Problem details: Retype, exactly and with both ends included, the lines below from the one containing "PHYSICAL DESCRIPTION: Diamond-shaped" through the end; omit the pictures.

Data:
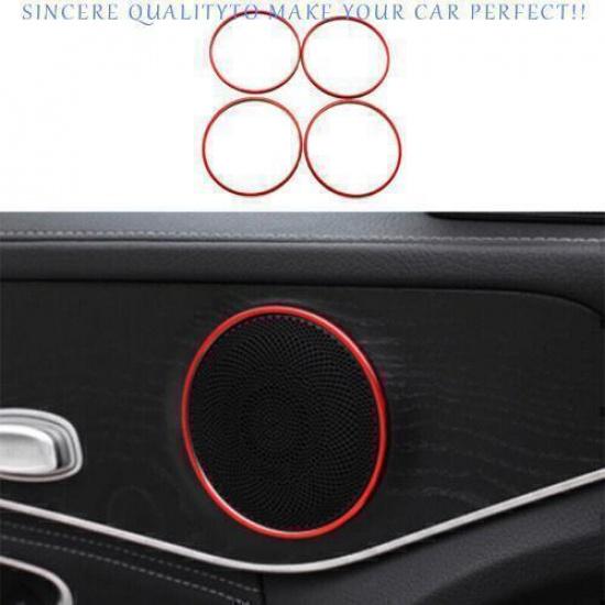 For Mercedes-Benz GLC 2016- Red Alloy Inner Door Speaker Sound Ring Trim 4pc
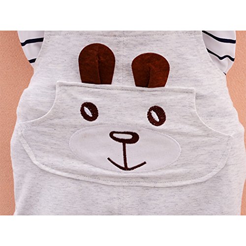 ベビー服 女の子 男の子 上下セット キッズ 赤ちゃん 丸首 ストライプシャツ+オーバーオール ストライプクマ 長袖 春秋 出産祝い
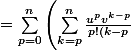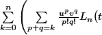 ^{p+q}\right) \cr=\sum_{p=0}^{n}\left( \sum_{k=p}^{p+n}{u^pv^{k-p}\over p!(k-p)!}L_n(t)^{k}\right)\cr<br />=\sum_{p=0}^{n}\left( \sum_{k=p}^{n}{u^pv^{k-p}\over p!(k-p)!}L_n(t)^{k}\right)\cr<br />=\sum_{k=0}^{n}\left( \sum_{p=0}^{k}{u^pv^{k-p}\over p!(k-p)!}L_n(t)^{k}\right)\cr)
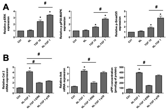 Activation status of TGF-β1 signaling pathways on chondrocyte. (A) Signaling events induced by TGF-β1. Rat chondrocytes were untreated or exposed to 100 µg/mL of nanoliposomes encapsulating or not encapsulating TGF-β1 (1 ng/mL), or to TGF-β1 alone (10 ng/mL) for 10 min (p-ERK and p-p38-MAPK) or 3 h (p-Smad3/5). Total proteins were extracted from cells and subjected to Western blotting using anti-phospho-ERK, anti-phospho-p38-MAPK or anti-phospho-Smad3/5. The relative abundance of these proteins was normalized to that of β-actin protein. The reported data are represented as mean ± SD of at least three individual experiments. Significance is indicated as * when compared to Ctrl and # when compared to TGF-β1 alone (p < 0.01). (B) Rat chondrocytes were exposed to 100 µg/mL of nanoliposomes encapsulating or not encapsulating TGF-β1 (1 ng/mL) for 24 h (mRNA) or 48 h (PPi), and with or without 10 μM of SB203580 (a selective p38-MAPK inhibitor) or 30 μM of PD98059 (a MEK-1 inhibitor) added 1 h before TGF-β1. Total RNA was extracted then reverse transcribed into cDNA and analyzed by real-time PCR. The relative abundance of Col 2 and Ank was normalized to RP29. Quantifications were made by using the ΔΔCt method. ePPi levels in culture supernatant of rat chondrocytes were assayed radiometrically and normalized to the amount of total cell proteins. The reported data are represented as mean ± SD of at least three (mRNA) or six (ePPi) individual experiments. Significance is indicated as * when compared to NL and # (p < 0.01). Ank—inorganic pyrophosphate transport regulator; Ctrl—control cells, meaning untreated chondrocytes; ePPi—extracellular inorganic pyrophosphate; ERK, extracellular signal-regulated kinase; MEK-1, mitogen-activated protein kinase/extracellular signal-regulated kinase kinase 1; NL—empty nanoliposomes; NL-TGF—TGF-β1-loaded nanoliposomes; NL-TGF 1—nanoliposomes encapsulating 1 ng/mL of TGF-β1; NL-TGF 1-ERK—condition NL-TGF 1 after ERK pathway inhibition (PD98059); NL-TGF 1-p38—condition NL-TGF 1 after p38 pathway inhibition (SB203580); p38-MAPK—p38 mitogen-activated protein kinase; PCR—polymerase chain reaction; p-ERK—phosphorylated ERK or phospho-ERK; p-P38—phosphorylated p38 or phospho-P38; p-Smad3/5—phosphorylated pSmad3/5 or phospho- pSmad3/5; RP29—ribosomal protein 29; SD—standard deviation; TGF-β1—transforming growth factor-β1; TGF 10—TGF-β1 alone at a concentration of 10 ng/mL.
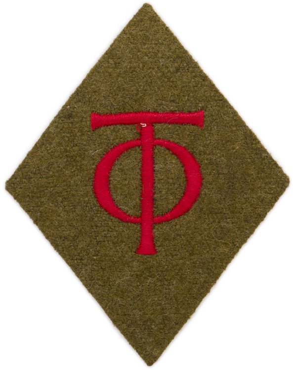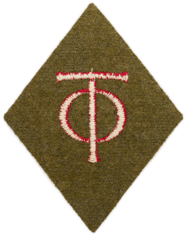 PHYSICAL DESCRIPTION: Diamond-shaped collar tab, 70mm wide x 90mm tall. The "OT" monogram machine embroidered in red on a olive drab wool backing. Very nice unissued example.
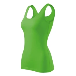 elastický materiál na udržanie tvarovej stability priliehavý strih s bočnými švami hlbší okrúhly výstrih výstrih a prieramky podšité vrchným materiálom širšie ramienka
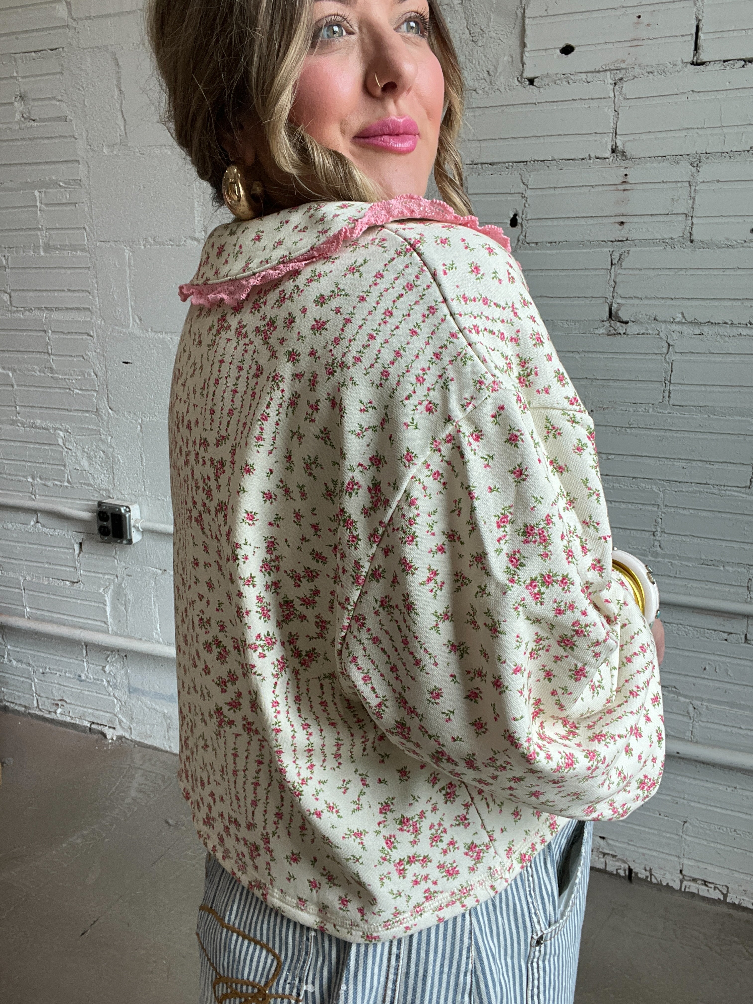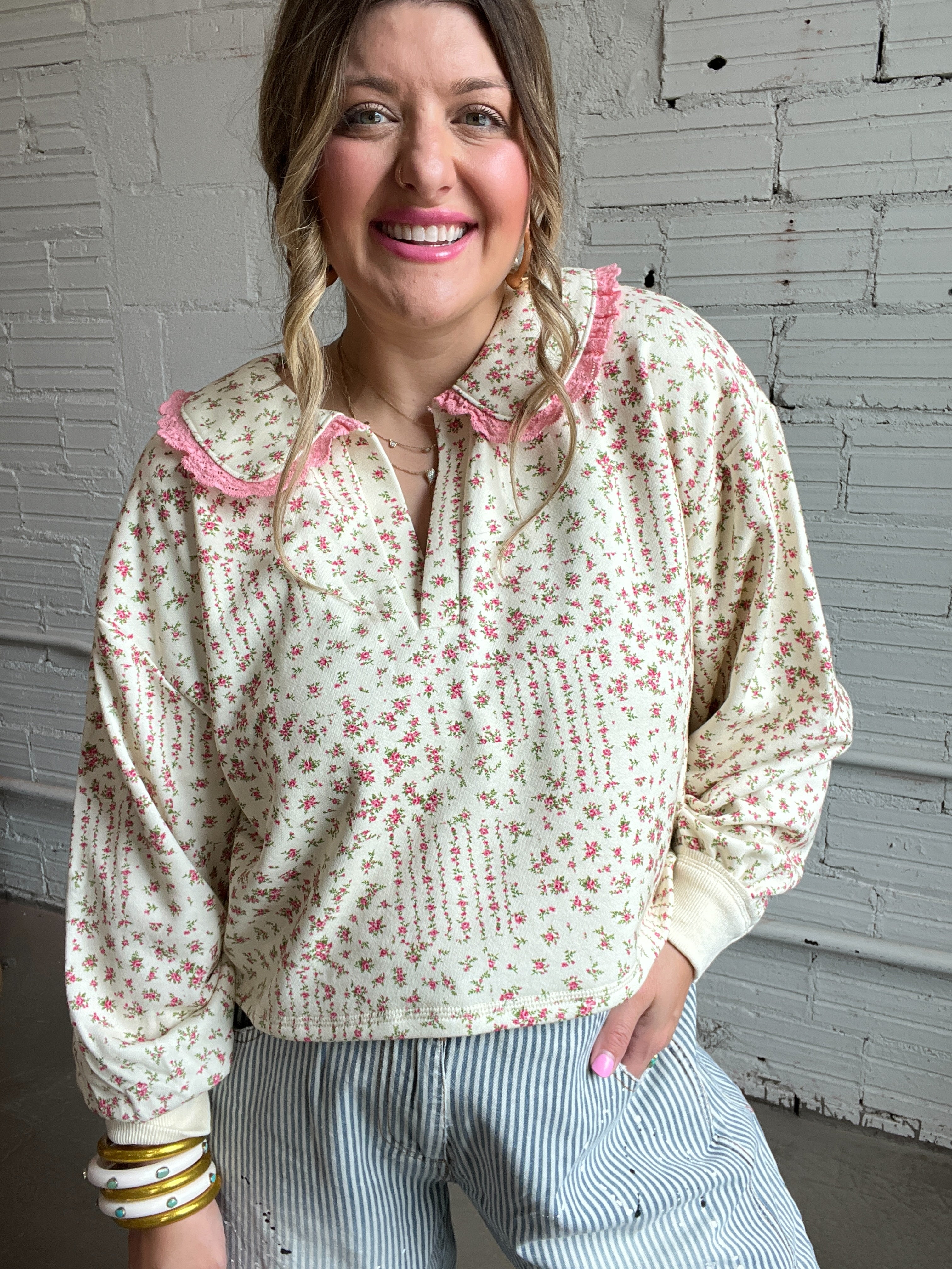 Signed, sealed, and delivered. The Love Letter Pullover looks like it came straight out of your favorite vintage romance. A delicate floral print dances across soft ivory fleece, finished with dainty pink crochet trim at the collar that gives us major storybook vibes. It’s cozy meets coquette, and we’re obsessed.

Your response:
 PHYSICAL DESCRIPTION: Diamond-shaped collar tab, 70mm wide x 90mm tall. The "OT" monogram machine embroidered in red on a olive drab wool backing. Very nice unissued example.
 elastický materiál na udržanie tvarovej stability priliehavý strih s bočnými švami hlbší okrúhly výstrih výstrih a prieramky podšité vrchným materiálom širšie ramienka
 Signed, sealed, and delivered. The Love Letter Pullover looks like it came straight out of your favorite vintage romance. A delicate floral print dances across soft ivory fleece, finished with dainty pink crochet trim at the collar that gives us major storybook vibes. It’s cozy meets coquette, and we’re obsessed.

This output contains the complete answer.